浴衣(金環蝕)



 だだだだだ、と駆けてきたかと思うと、まだ年端もいかない童女は頬を紅潮させてラヴィの前に膝を突いて身を伏せた。
「しょうぐん! おかえりなさいませ!」
「うん。ただいまヤヨイ」
 名前を呼ばれた童女はぱっと顔を上げて気恥ずかしそうに笑った。前回里に立ち寄ってから一年強が経っている。この年頃の子の成長は早い。背もまた伸びたようだ。
「元気だったか?」
 ラヴィは尋ねた。はい、と童女は首を縦に振って――やけにもじもじとしている。何かの話を切り出そうとしていることは明白だった。
「ヤヨイ?」
「しょ、しょうぐん! おねがいがあるのです!」
「ん? 悪いけどまだ一緒には連れていけないぞ?」
「わ、わかっております。そうではなくて、あの、その……さいすんさせてください!!」
 そう言って童女はどこからともなく巻尺を取り出した。突然のことに面食らっていると、ヤヨイは緊張に頬を上気させたまま言った。

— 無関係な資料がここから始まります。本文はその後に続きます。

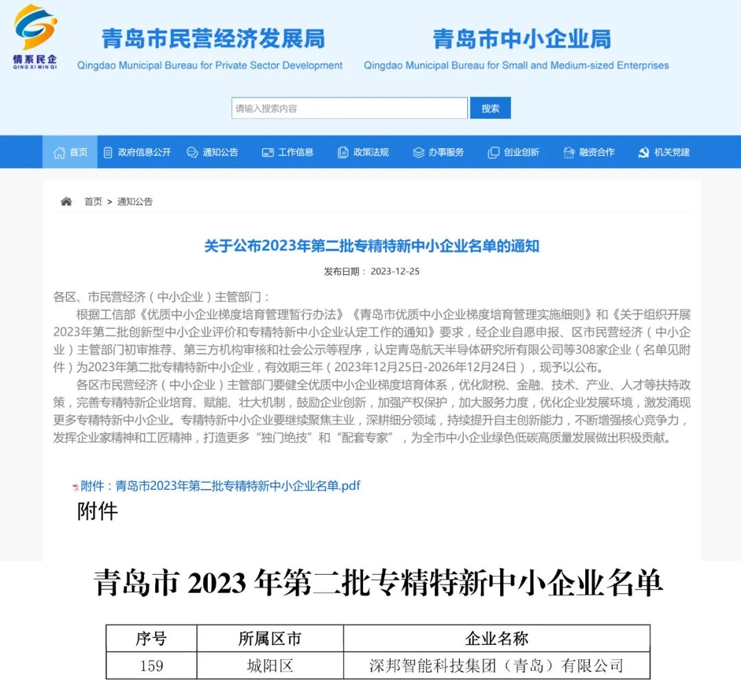 12月25日,青島市民營經濟發(fā)展局發(fā)布了《關于公示2023年第二批專精特新中小企業(yè)名單的通知》,深邦集團憑借卓越的創(chuàng)新技術、完善的產品體系、高效的運營模式以及穩(wěn)健的經營實力順利通過層層審核,獲評2023年第二批“專精特新”中小企業(yè)。
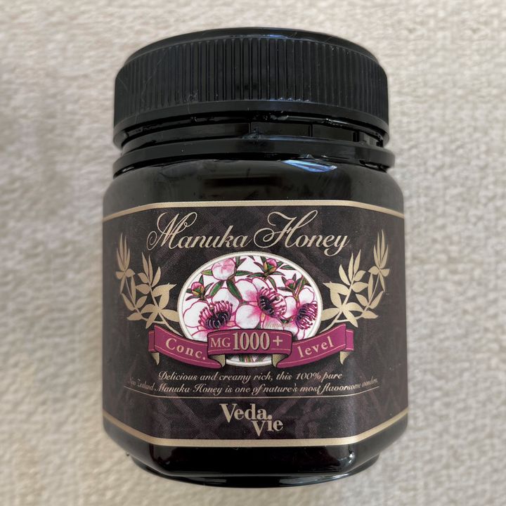 ニュージーランド原産のマヌカの花から採れる蜂蜜。MG値「1000+」はわずか3%の希少なグレード。1日1口、のど飴をなめるように口の中でゆっくり溶かしていただきます。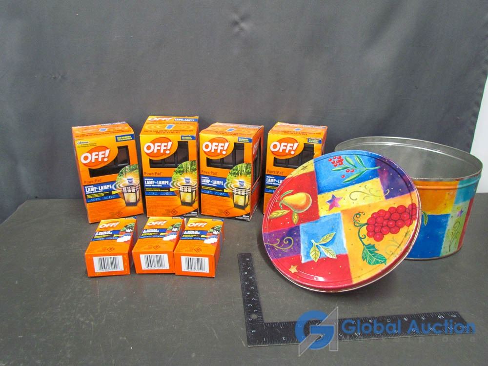 (4) Off Lanterns, (3) Refill Boxes and Tin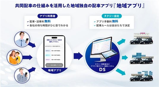 アプリ上で事業者横断の共同配車が可能となり、エリア内で最適な車両を効率的に手配。これによ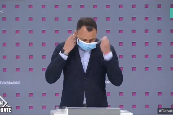 El candidato de Podemos aparece con una mascarilla, se la quita y suelta todo esto de Almeida
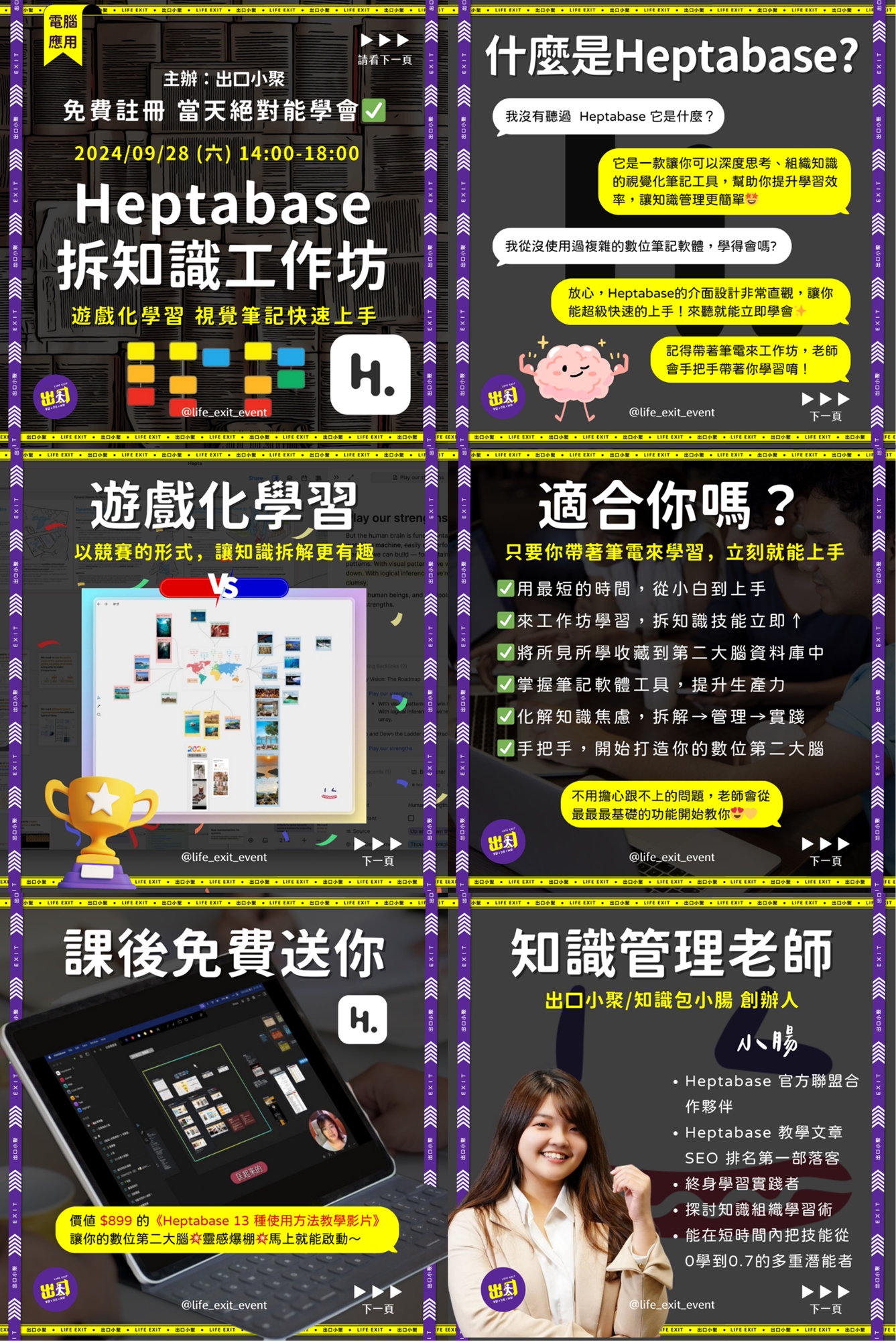 以上所有文宣都出自於「知識包小腸」之手,她是出口小聚創辦人、Heptabase 講師。

「ヤヨイは、しょうぐんのおゆかたをぬいたいのです……!!」





「な、なんでまだ着ていらっしゃるんですか……?」
「え? まだって……いま風呂上りに着替えたばっかだけど」
 肩に手ぬぐいを引っ掛けてほかほか湯気をまとう将軍がきょとんと瞬く。ヤヨイは、違います、と低く呻いた。

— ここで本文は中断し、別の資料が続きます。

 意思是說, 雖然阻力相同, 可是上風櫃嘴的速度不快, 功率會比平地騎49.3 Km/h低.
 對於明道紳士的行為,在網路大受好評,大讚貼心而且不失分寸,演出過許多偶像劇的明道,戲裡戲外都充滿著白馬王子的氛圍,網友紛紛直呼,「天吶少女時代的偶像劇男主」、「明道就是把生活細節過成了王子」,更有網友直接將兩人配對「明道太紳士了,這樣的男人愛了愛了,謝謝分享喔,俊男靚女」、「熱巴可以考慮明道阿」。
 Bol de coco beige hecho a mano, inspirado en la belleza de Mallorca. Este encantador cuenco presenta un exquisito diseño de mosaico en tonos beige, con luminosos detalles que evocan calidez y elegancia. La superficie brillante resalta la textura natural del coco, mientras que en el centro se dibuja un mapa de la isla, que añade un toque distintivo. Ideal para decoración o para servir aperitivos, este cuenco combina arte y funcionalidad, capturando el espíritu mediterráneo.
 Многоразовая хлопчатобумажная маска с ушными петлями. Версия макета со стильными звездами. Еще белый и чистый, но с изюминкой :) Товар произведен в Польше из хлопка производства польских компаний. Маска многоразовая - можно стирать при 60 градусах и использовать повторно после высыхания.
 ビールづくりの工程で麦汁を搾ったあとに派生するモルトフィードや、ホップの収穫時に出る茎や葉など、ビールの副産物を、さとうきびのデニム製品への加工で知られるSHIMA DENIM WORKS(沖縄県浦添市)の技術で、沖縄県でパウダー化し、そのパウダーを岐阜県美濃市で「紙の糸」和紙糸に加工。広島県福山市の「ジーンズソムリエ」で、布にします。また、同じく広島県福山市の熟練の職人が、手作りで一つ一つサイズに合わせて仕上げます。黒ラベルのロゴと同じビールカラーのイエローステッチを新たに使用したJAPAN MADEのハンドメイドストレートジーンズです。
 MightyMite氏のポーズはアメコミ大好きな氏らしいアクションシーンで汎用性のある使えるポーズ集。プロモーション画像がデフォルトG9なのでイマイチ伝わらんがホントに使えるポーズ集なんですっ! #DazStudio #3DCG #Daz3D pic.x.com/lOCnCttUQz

「そういう意味じゃなくて……! それ、私がちっさいころに縫った浴衣じゃないですか! なぜまだ持っていらっしゃるんですか! 脱いでください! 焼却処分しますから!」
「ちょ、ひっぱんな! まだ着るよだって悪くもなってないのに。着心地いいし、変なとこひとつもないぞ?」
「そんな風に持ち上げてくださらなくても結構ですから今すぐ脱いでくださいやだもう! ひどい将軍!」
「いや……俺、褒められてもいいとこだよな? この場合な……?」
 将軍は一向に脱ぐ気配を見せない。ヤヨイは部屋の隅で頭を抱えて丸くなった。
 里の女は幼い頃から家事全般を叩き込まれて育つ。特に針仕事は重要視されていた。布地に術式を組み込む仕事が頻繁にあるためだ。
 将軍が湯上りに来ている浴衣はヤヨイが初めて縫い上げたものだった。どうしてそんなものを他人にあげようなどと思ったのか。過去の自分はそこに正座してほしい今すぐ説教である。

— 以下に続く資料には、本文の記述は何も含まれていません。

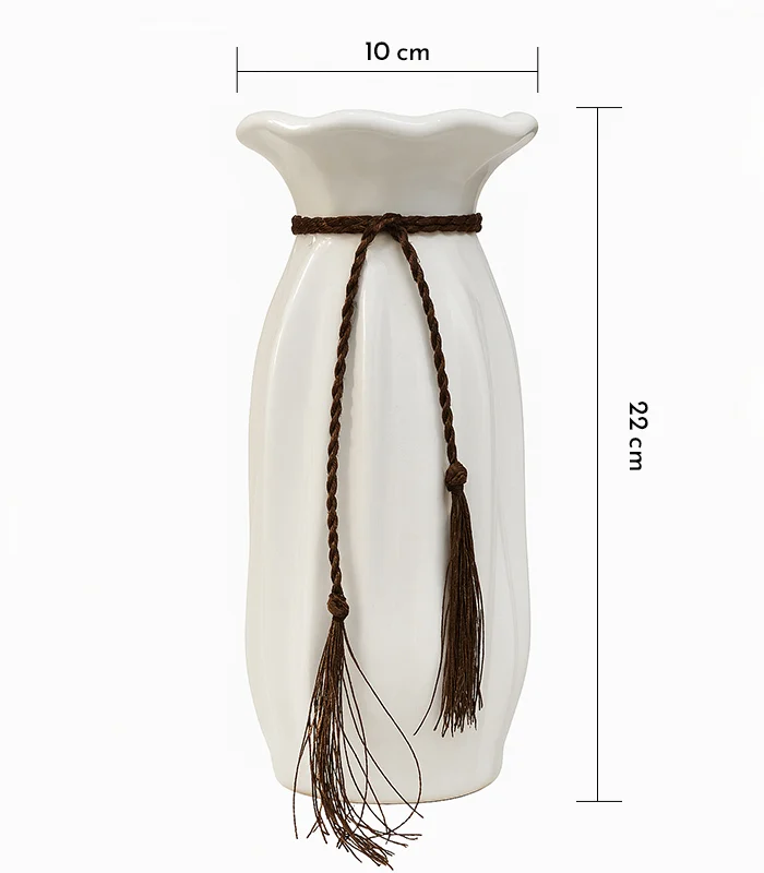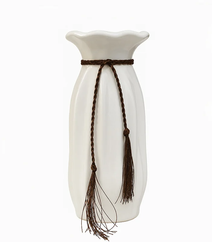 - Design: Decorative ceramic vase with braided rope detail

「ほ……本当にやめてください。縫い目もほんと……がたがたで……ひどいんですから……」
「そうか? 上手に作るよなって皆褒めてたぞ」
「……誰に見せたんですか?」
「え? だれって……皆?」
 国の、という将軍の返答に、ヤヨイは眩暈を起こした。
「見せないでくださいなんでそんなことするんですか!!!」
「こんないいもんもらったら自慢したくなるだろ?」
「いやああああああやめてくださいひどい将軍ひどい!!!! 今すぐ脱いで! 本当に脱いでください!」
「え? 今すぐ? 本当に? 脱いでいいの?」
「あっ、待ってください私が部屋を出てから脱いでくだ……やぁもうなんですぐ脱ぐんですかっ!!」
 とりあえず急いで退室し、将軍が服を着替えるまで待つ。
 戻ると、浴衣は消えていた。
「……どこにしまったんですか……?」
「国の俺の部屋。送り返した。焼却されるのヤダし」
「……捨ててください……ほんとうに……あたらしいの縫いますから……」
 数日後、ヤヨイは一着浴衣を縫い上げて彼に献上した。
 が、古い浴衣はとうとう最後までヤヨイの手元に戻ってこなかった。